For many years I refused to accept my diagnosis of bipolar disorder. I was challenged by a great deal of self-stigma…I blamed myself for my symptoms, I felt guilty for having something wrong. And by no means did I want to be a part of a group that was looked down upon in our society. I simply did not want to have to deal with my illness, so denying it seemed like I could make it go away.
Like any other serious illness my bipolar disorder just got worse without treatment. It escalated to the point where I found myself in places that I could never imagine I could end up. I pushed people away from me, left a successful career in the dust, and became so depressed I could not get out of bed.
Fast forward several years and I am now successfully treated with a proper combination of medications and have moved forward and rebuilt my life.
But there was a period of time when all I could think about was bipolar disorder. I dreaded taking the medications because it made me feel “less than” everyone else. In some ways I felt as if I was damaged. I was completely devoid of any confidence and my self-esteem was at my all time low. I measured everything I did through the lens of bipolar disorder and forgot about the whole person that I am.

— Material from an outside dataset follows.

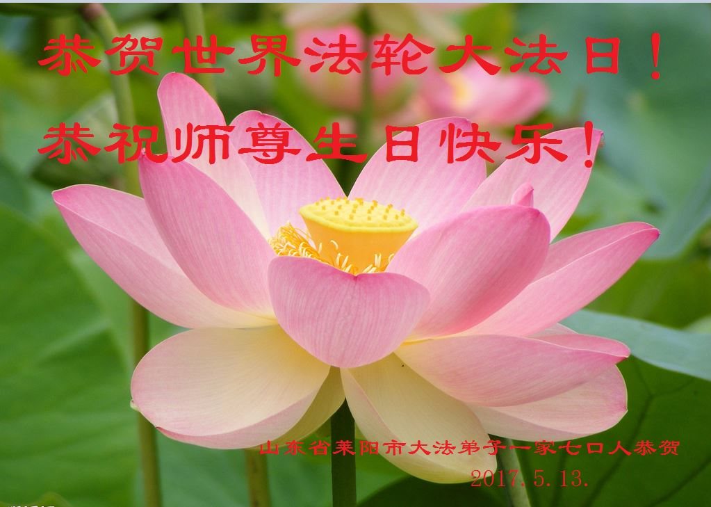 山东省烟台市莱阳市大法弟子一家七口人恭祝慈悲伟大的师尊生日快乐!恭贺“5.13”世界法轮大法日!

I have come a long way since then but was struck this evening by my 10 year old nephews awe with how many states I had traveled too. He was putting together a map of the U.S. And ask me to tell him where I had traveled. When he put the map together leaving out 7 states he said to me, “Look at all the places you have been!” In that moment he was in awe of me.
It struck me that I needed to remind myself that there is so much more to my story than struggling with a mental illness. It doesn’t even have anything to do with how much I have traveled but more importantly that I had forgotten those experiences contributed a great deal to the person I have become.
More than anything there have been times when I have wallowed at times in much self-pity thinking my life was cheated because of bipolar disorder when the real focus should be on my experiences in spite of it.
The reasons for my extensive travel are many and they actually have sculpted in a large part my journey in life. Bipolar disorder contributed to a few of my wondering experiments to strange places but for the most part my adventurous spirit took me down the path of exploration.
I think it is tempting to become so consumed with fighting and managing an illness that we sometimes forget who we were, who we are and who we are becoming. But one thing I have learned is to make certain I am not identifying myself through only one lens.
Each of us who live with a mental illness are far bigger than a diagnosis. We are mothers, sisters, fathers and brothers. We are someone’s child. We are employees and friends and full of life.
Remember all of who you are and focus on the whole picture that makes up your experiences not just the struggles and the pain, but the joy and happiness that makes you a unique individual.
It can be an adjustment to think this way, but it is critically important. You are more than your illness-way more. And life starts feeling better when you recognize that fact.